С немецкого я также перевел пьесу Гауптмана «Возчик Геншель». Переводы для театра меня не очень увлекали, и с возрастом все меньше. Они предполагают, что зритель должен их быстро усвоить, а зрители разные. Книга – дело более индивидуальное, к тексту можно возвращаться несколько раз. Из того, что я сказал, не надо делать вывод, что я ставлю прозу выше драматургии, нет. Поскольку мы говорим о работе переводчика, то мне интересно заниматься прозой.
– А есть ли для вас разница в подходе к драматургии и прозе? Например, перевод пьесы вы проговаривали вслух?
– Вслух не проговариваю, про себя. Но я думаю и о том, как будет звучать текст, не предназначенный для театра. В пьесах Брехта много песен, зонгов. Когда в театре Станиславского ставили «Трехгрошовую оперу», я там отдельно работал с пианистом. Поправлял переводы, чтобы стихи хорошо пелись, чтобы в конце строки была открытая гласная или цезура. Точно так же было и с постановкой в театре Сатиры.
Мне приходилось беседовать не столько с музыкантами, сколько с музыковедами в связи с работой над текстами Томаса Манна. У меня были хорошие музыкальные консультанты, когда я переводил «Доктора Фаустуса» или новеллу «Тристан»: Марина Дмитриевна Сабинина, выпускник Венской консерватории Борис Вениаминович Левик – брат переводчика Вильгельма Левика.
– А переводчик Левик был по образованию художник…
– Мой знакомый композитор-художник дружил с Левиком по художественной части.

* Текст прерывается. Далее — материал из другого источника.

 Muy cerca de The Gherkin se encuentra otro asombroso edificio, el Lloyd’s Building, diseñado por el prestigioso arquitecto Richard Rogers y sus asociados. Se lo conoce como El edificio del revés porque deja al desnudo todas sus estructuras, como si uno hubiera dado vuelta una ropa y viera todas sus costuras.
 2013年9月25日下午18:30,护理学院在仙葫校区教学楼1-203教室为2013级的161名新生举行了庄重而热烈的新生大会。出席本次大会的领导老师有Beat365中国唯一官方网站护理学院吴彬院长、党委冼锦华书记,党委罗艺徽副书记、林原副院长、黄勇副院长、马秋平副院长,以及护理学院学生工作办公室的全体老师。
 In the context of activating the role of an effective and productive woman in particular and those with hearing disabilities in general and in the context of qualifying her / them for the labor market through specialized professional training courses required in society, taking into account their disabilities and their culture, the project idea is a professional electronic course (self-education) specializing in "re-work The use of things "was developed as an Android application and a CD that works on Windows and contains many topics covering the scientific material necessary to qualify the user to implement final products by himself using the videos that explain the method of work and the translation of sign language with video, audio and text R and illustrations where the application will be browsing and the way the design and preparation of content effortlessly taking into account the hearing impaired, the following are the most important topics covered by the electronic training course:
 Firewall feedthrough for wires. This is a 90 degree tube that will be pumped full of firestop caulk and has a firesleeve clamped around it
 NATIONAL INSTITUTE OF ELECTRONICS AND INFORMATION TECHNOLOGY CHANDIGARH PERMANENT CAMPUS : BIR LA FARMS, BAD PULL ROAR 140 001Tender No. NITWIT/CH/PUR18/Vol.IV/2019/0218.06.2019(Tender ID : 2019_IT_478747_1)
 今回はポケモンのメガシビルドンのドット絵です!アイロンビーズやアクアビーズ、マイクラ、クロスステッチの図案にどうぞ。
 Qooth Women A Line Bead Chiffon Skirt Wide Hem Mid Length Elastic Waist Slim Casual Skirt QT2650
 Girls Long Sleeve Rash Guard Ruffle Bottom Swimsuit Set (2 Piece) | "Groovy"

– Вот цитата из одного вашего интервью: «…если вы возьмете Томаса Манна, Музиля, Гессе, то вы увидите, что это не совсем обычные писатели. Их реализм – это не реализм в обычном смысле слова. Все-таки у них – я не люблю этого выражения „интеллектуальная проза“, – но у них в книгах больше выражен мир идей, чем мир вещей». Мир идей был вам интереснее мира вещей?

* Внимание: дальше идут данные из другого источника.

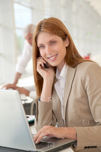 Красивые бизнесвумен, разговаривает по телефону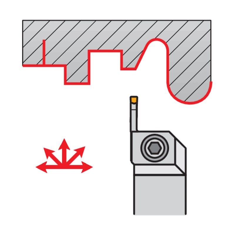 Top clamp grooving tool for holding a double or single ended insert with 3mm-8mm cutting width (designation LCM.. ), right and left handed with insert parallel to the shank for maximum parting diameter, shank height 20mm-32mm, width 20mm-25mm and tool length 125mm-170mm for multi-directional copy turning, shallow and deep radial grooving, radial groove turning, parting-off and tube parting-off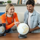 Dieser Premium-3D-Puzzle-Globus mit 22 cm Durchmesser besteht aus 540 stabilen, leicht gebogenen Kunststoffteilen, die fehlerfrei ineinander greifen. Nach dem Zusammenbau entsteht eine glatte und feste Kugel auf einem stabilen Sockel mit markierten Breitengraden. Dank des integrierten LED-Moduls leuchtet der Globus eindrucksvoll und wird zur Deko und Lernhilfe zugleich.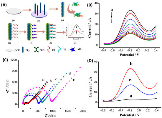 (A(a–g)) Diagrammatic representation of the improved sensor manufacture using PEG/PPy NWs and antifouling properties. A plain GCE, PPy/GCE, aPEG/PPy/GCE, C1/PEG/GCE, MB/C1/PEG/GCE, T2/MB/C1/PEG/GCE, and DPV result are examples of outcomes. (a) bare GCE (b) PPy/GCE (c) PEG/PPy/GCE (d) C1/PEG/GCE (e) MB/C1/PEG/GCE (f) T2/MB/C1/PEG/GCE (f) DPV results (B) Common DPV spectra for the incubation of MB/C1/PEG/PPy/GCE with various target miRNA concentrations (10−15 M–10−7 M) are shown in order from top to bottom. (C) Electrochemical Impedance Spectroscopy (EIS) data were captured at the following locations: GCE (a); PPy/GCE (b); PEG/PPy/GCE (c); C1/PEG/PPy/GCE (d); and T2/C1/PEG/PPy/GCE (e). DPV characterization of MB/C1/PEG/PPy/GCE recorded before (curve b) and after (curve c) target miRNA (T2) hybridization is shown in (D) together with the C1/PEG/PPy/GCE DPV curve (black line a). Reproduced with permission from [34]. Copyright 2019 Elsevier.

– Я бы уточнил это высказывание. Герман Гессе говорил, что любая деталь, подробность в прозе интересна только тогда, когда через нее просвечивает мысль. В этом смысле он реалист, потому что подробности и детали у него есть, но сквозь них непременно просвечивает мысль. Простейший пример: магический театр в «Степном волке» или выдуманная игра в бисер – сколько там реального и узнаваемого. В ХХ веке уже не пишут так, как в XIX, со всеми подробностями, пространными описаниями. В ХХ веке за этим стоит какая-то задача. «Интеллектуальная проза» – в ыстроенный жанр, мысль просвечивает в ней благодаря композиции, повторяющимся мотивам, что не мешает самому реалистическому вкраплению в текст того, о чем и Лев Толстой мог бы писать, и Тургенев… Мне кажется, в прошлый раз я не очень хорошо ответил на этот вопрос.

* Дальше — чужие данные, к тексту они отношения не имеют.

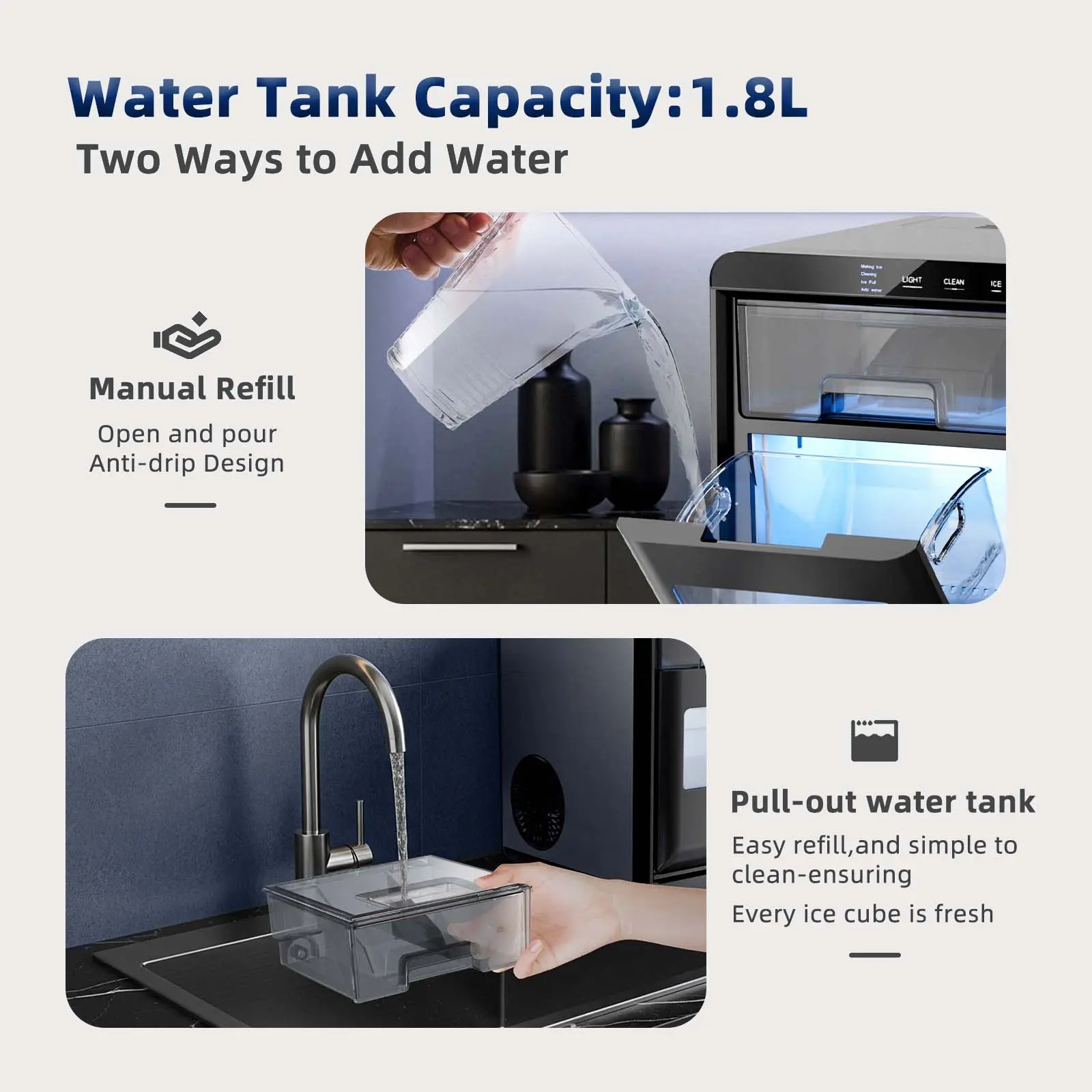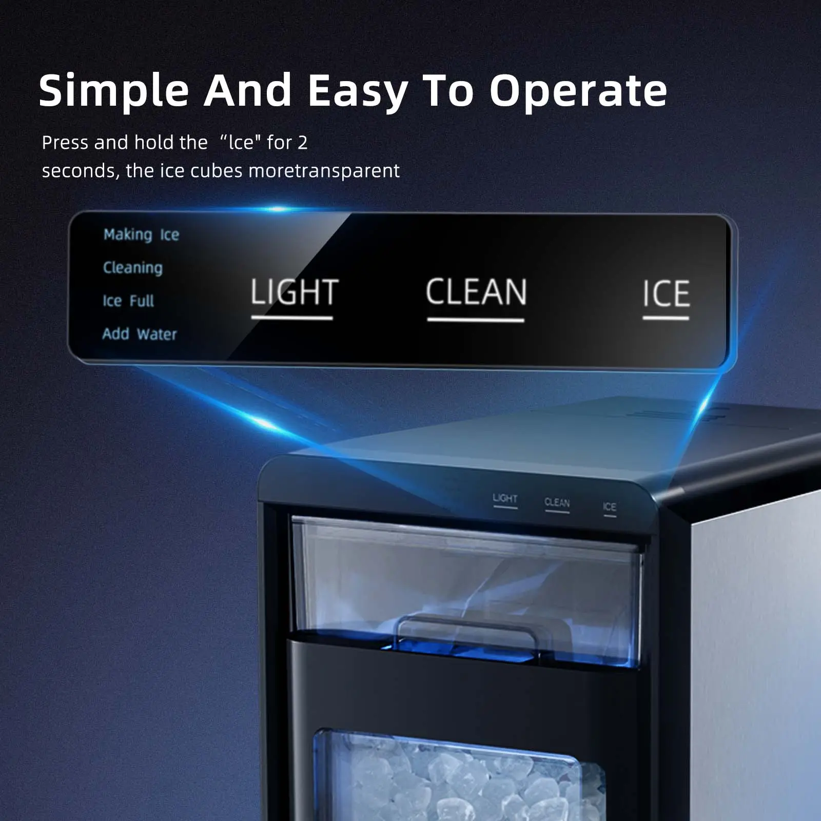 💡 Smart Alerts & One-Touch Self-Cleaning 💡- Ice Full and Water Shortage indicators for hassle-free operation.- 20-minute automatic self-cleaning function for fresh, hygienic, and maintenance-free operation.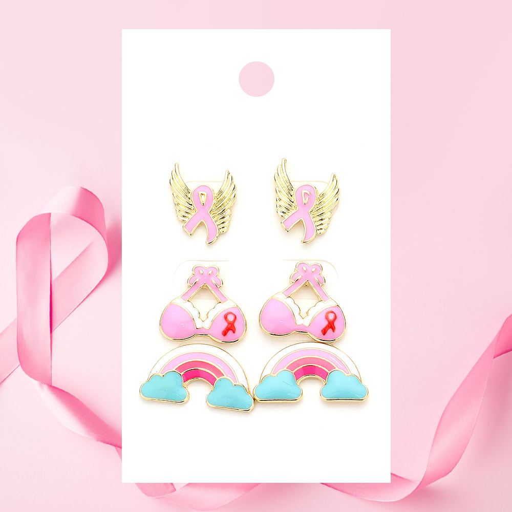 Details • Size : 0.5" L - 0.75" L • Post Back • Express support and positivity with this awareness stud earring set featuring ribbon, bra, and rainbow motifs. A meaningful accessory pack that promotes strength, hope, and inspiration for every occasion. • Lead and Nickel Compliant

– Все свои переводы вы вспоминаете с удовольствием?
– С разной степенью удовольствия, что-то без удовольствия, что-то вообще не вспоминаю. В работах было столько труда и мук, что удовольствие можно было получить, только если все это преодолел.
– Я имею в виду и ощущения, которые вы испытываете, глядя на полки со своими переводами.
– Нет никаких ощущений. Во мне остались образы этих писателей, но сама переводческая работа меня потом не занимала. Запоминались удачные находки, и если кто-то потом обращал на них особенное внимание, мне всегда было приятно, но чтобы потом я много думал о каждой книге в отдельности… нет. Если писатель мне очень интересен, близок, то за новую его вещь мне было легче браться, все равно как говорить с хорошо знакомым человеком. Я довольно много переводил Кафку. С моего перевода двух его рассказов он у нас и начался.
– В первом номере 1964 года журнал «Иностранная литература» опубликовал два больших рассказа Кафки и шесть маленьких. А что предшествовало этой публикации? Кто-то из редакторов предложил вам перевести Кафку или это предложение исходило от вас?
– Они спросили меня…
– Кто именно? Или это был главный редактор Рюриков?
– Тогда был, по-моему, еще Чаковский. Нет, он не снисходил до этого. Заведующий отделом по фамилии Розенцвейг. Ему начальство сказало: «Надо издать Кафку». Розенцвейг был человек славный, но робкий. Он дал мне сборник Кафки.
– Вы впервые прочитали Кафку задолго до предложения Розенцвейга?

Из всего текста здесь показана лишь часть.